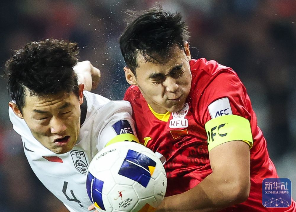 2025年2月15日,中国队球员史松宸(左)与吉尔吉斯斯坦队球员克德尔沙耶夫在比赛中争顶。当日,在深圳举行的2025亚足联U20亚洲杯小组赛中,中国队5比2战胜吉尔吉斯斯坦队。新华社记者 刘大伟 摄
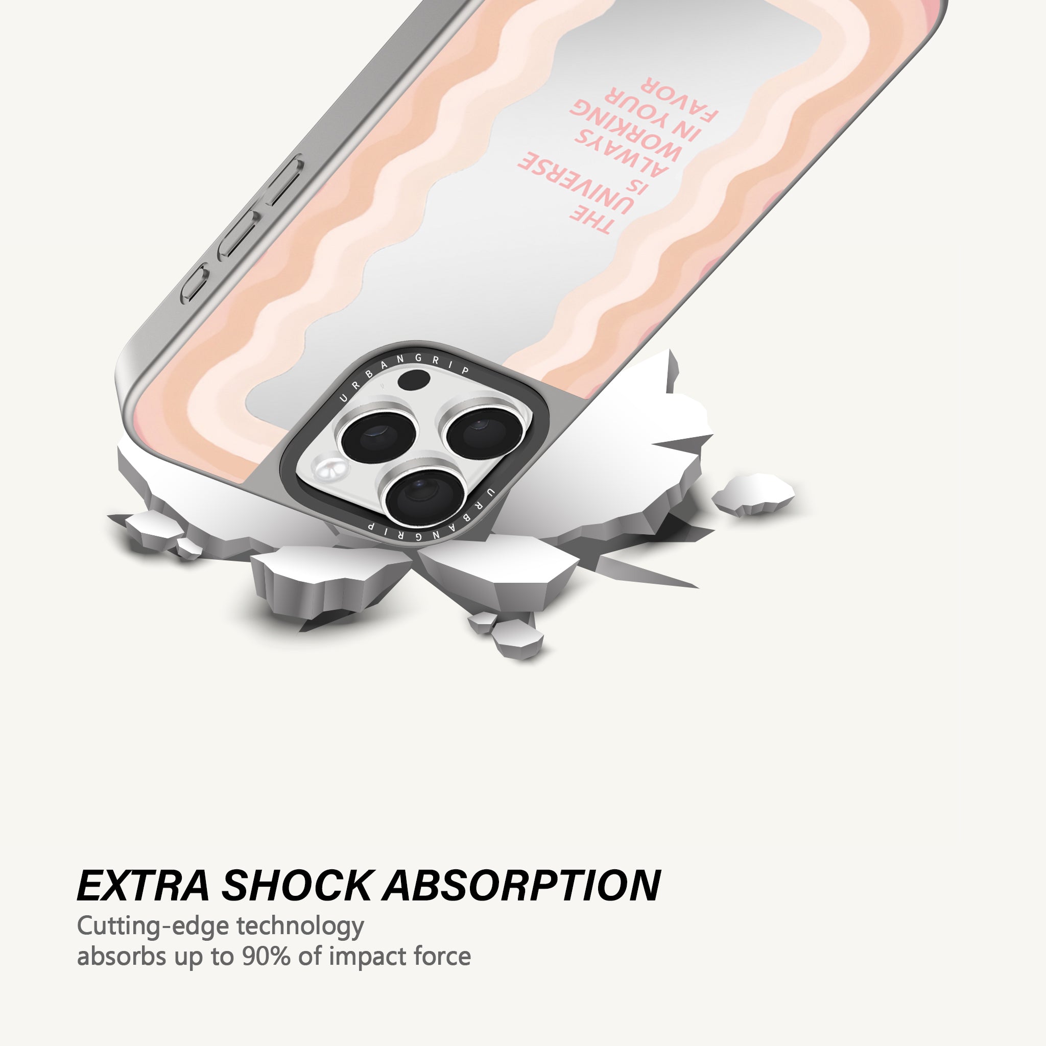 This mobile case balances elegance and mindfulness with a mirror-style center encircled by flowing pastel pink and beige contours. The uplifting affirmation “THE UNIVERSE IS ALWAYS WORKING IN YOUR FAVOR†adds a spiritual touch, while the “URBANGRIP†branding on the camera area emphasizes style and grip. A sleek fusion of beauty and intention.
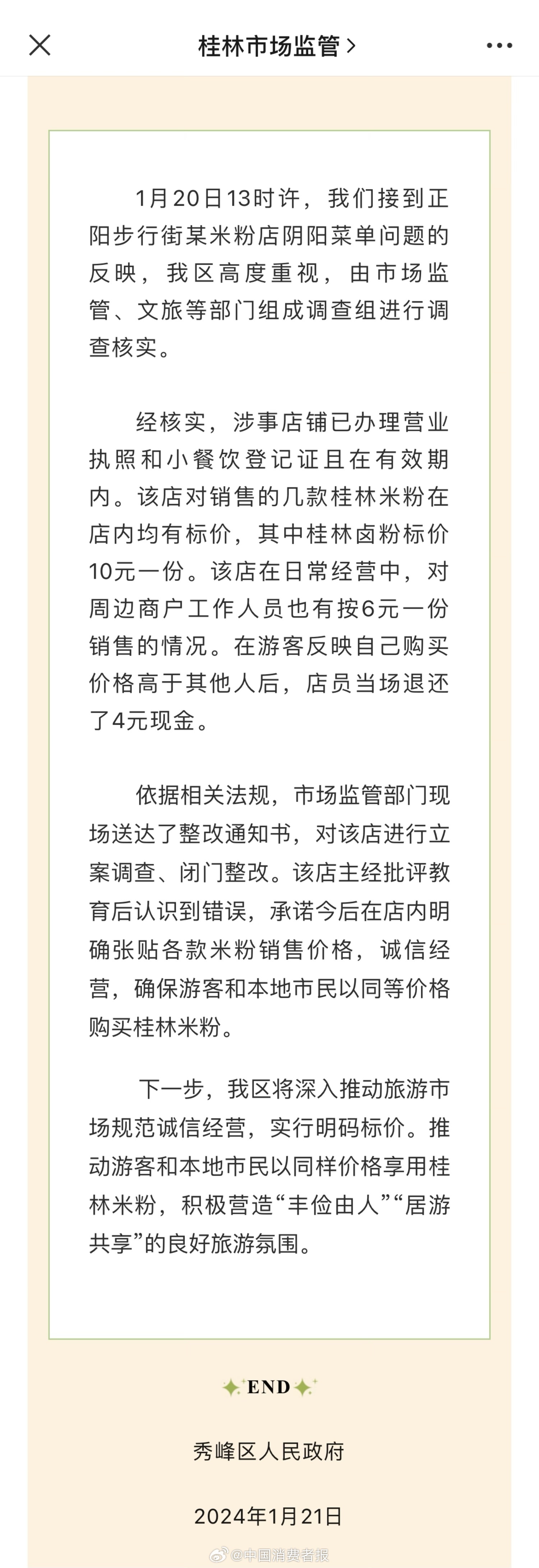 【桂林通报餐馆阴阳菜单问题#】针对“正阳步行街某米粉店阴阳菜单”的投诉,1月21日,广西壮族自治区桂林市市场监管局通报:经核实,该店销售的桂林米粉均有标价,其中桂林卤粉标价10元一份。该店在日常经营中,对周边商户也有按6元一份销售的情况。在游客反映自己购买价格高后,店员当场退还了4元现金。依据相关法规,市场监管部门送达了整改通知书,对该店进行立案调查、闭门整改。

◆ What is being asked
The listing above, line by line: print it exactly, but not its pictures.

◆ Reply
 2025年2月15日,中国队球员史松宸(左)与吉尔吉斯斯坦队球员克德尔沙耶夫在比赛中争顶。当日,在深圳举行的2025亚足联U20亚洲杯小组赛中,中国队5比2战胜吉尔吉斯斯坦队。新华社记者 刘大伟 摄
 This mobile case balances elegance and mindfulness with a mirror-style center encircled by flowing pastel pink and beige contours. The uplifting affirmation “THE UNIVERSE IS ALWAYS WORKING IN YOUR FAVOR†adds a spiritual touch, while the “URBANGRIP†branding on the camera area emphasizes style and grip. A sleek fusion of beauty and intention.
 【桂林通报餐馆阴阳菜单问题#】针对“正阳步行街某米粉店阴阳菜单”的投诉,1月21日,广西壮族自治区桂林市市场监管局通报:经核实,该店销售的桂林米粉均有标价,其中桂林卤粉标价10元一份。该店在日常经营中,对周边商户也有按6元一份销售的情况。在游客反映自己购买价格高后,店员当场退还了4元现金。依据相关法规,市场监管部门送达了整改通知书,对该店进行立案调查、闭门整改。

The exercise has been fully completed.